The Beidou satellite navigation system is an independently operated satellite navigation system and is a national important space infrastructure for providing all-weather, all-day and high-precision positioning, navigation and time service for global users.

With the development of Beidou system construction and service capability, related products are widely applied to the fields of transportation, marine fishery, hydrologic monitoring, weather forecast, geographical information mapping, forest fire prevention, communication time system, power dispatching, disaster relief, emergency search and rescue and the like, gradually permeate into the aspects of human society production and people living, and inject new vigor into global economy and social development.

At present, the Beidou is widely applied, but the Beidou also has a plurality of application problems, especially the problems of signal shielding, distortion and the like caused by the influence of surrounding complex environmental factors and the change of the orientation of an antenna of the equipment, and the problems directly lead the equipment to fail to achieve the expected effect and influence the user experience.

Disclosure of Invention

The invention aims to provide a Beidou-based data processing algorithm of a self-adaptive antenna state, which integrates multiple paths of satellite data by combining hardware data of equipment, analyzes one path of data with stronger signals, compensates the stronger path of data by the other multiple paths of data, and thus obtains the requirement of meeting positioning and orientation.
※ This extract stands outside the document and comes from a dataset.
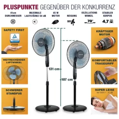 Be the first to review “RelaxxNow Super Leiser Standventilator Mit 45W Motoren Leistung, Oszillierender Ventilator Mit 3 Geschwindigkeitsstufen Und Höhenverstellbarkeit Bis 131cm, 41 DB Schlafmodus & 41cm Durchmesser, VTX100” Antwort abbrechen

The aim of the invention can be achieved by the following technical scheme:

the data processing algorithm of the self-adaptive antenna state based on the Beidou comprises the following steps:

step one: data analysis is carried out on the data received by each path of antenna;

Step two: further analyzing and judging the analyzed data, and screening the RN data and the RD data of the Beidou data;

step three: performing corresponding data processing on the data in the second step;

step four: and sending the processed data through a serial port.

As a further scheme of the invention: the specific process of data analysis in the first step is as follows:

the RN data includes GSV, GGA, GSA, ZDA and RMC;

the data of the GSV message in the RN data is used for judging the satellite quantity data acquired by the antenna;

the GGA in the RN data is used for acquiring the position information of the terminal equipment;

RD data includes BSI, DWA, FKI, ICA, WAA, ICI, TXA and TXR;

the BSI in the RD data is used for storing the beam state of the Beidou satellite, and the strength of RD data signals is judged through the beam state;

the WAA in the RD data is used for transmitting the RN positioning data.
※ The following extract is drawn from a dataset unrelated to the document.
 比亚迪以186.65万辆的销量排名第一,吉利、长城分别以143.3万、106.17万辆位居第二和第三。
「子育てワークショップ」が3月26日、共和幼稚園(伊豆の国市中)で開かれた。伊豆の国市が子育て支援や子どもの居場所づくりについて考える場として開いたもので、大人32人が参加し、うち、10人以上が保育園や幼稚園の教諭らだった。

As a further scheme of the invention: and reading data of multiple paths of antennas through a serial port, screening GSV, GGA and BSI data, analyzing the data, and respectively storing the analyzed data.

As a further scheme of the invention: the specific process of screening the Beidou data in the second step is as follows:

Judging whether the satellite number and the beam number of the Beidou data reach antenna data meeting the requirements or not:

s1: the number of stars reaches 4 and the number of beams reaches 4, which indicates that one path of antenna has stable data signals and can meet the requirement of positioning communication, and the antenna is used for positioning communication;

S2: the number of stars reaches 4 or the number of beams reaches 4, which indicates that no antenna simultaneously meets the requirement that the number of stars and the number of beams reach 4, namely, the antenna data with strong RN signals are preferentially read, and accurate positioning data are obtained;

s3: the number of the star and the number of the wave beams are not up to 4, which indicates that any single-path antenna can not provide accurate positioning and stable communication conditions;

S4: the number of satellites and the number of beams are 0, which indicates that the antenna cannot acquire any positioning communication data.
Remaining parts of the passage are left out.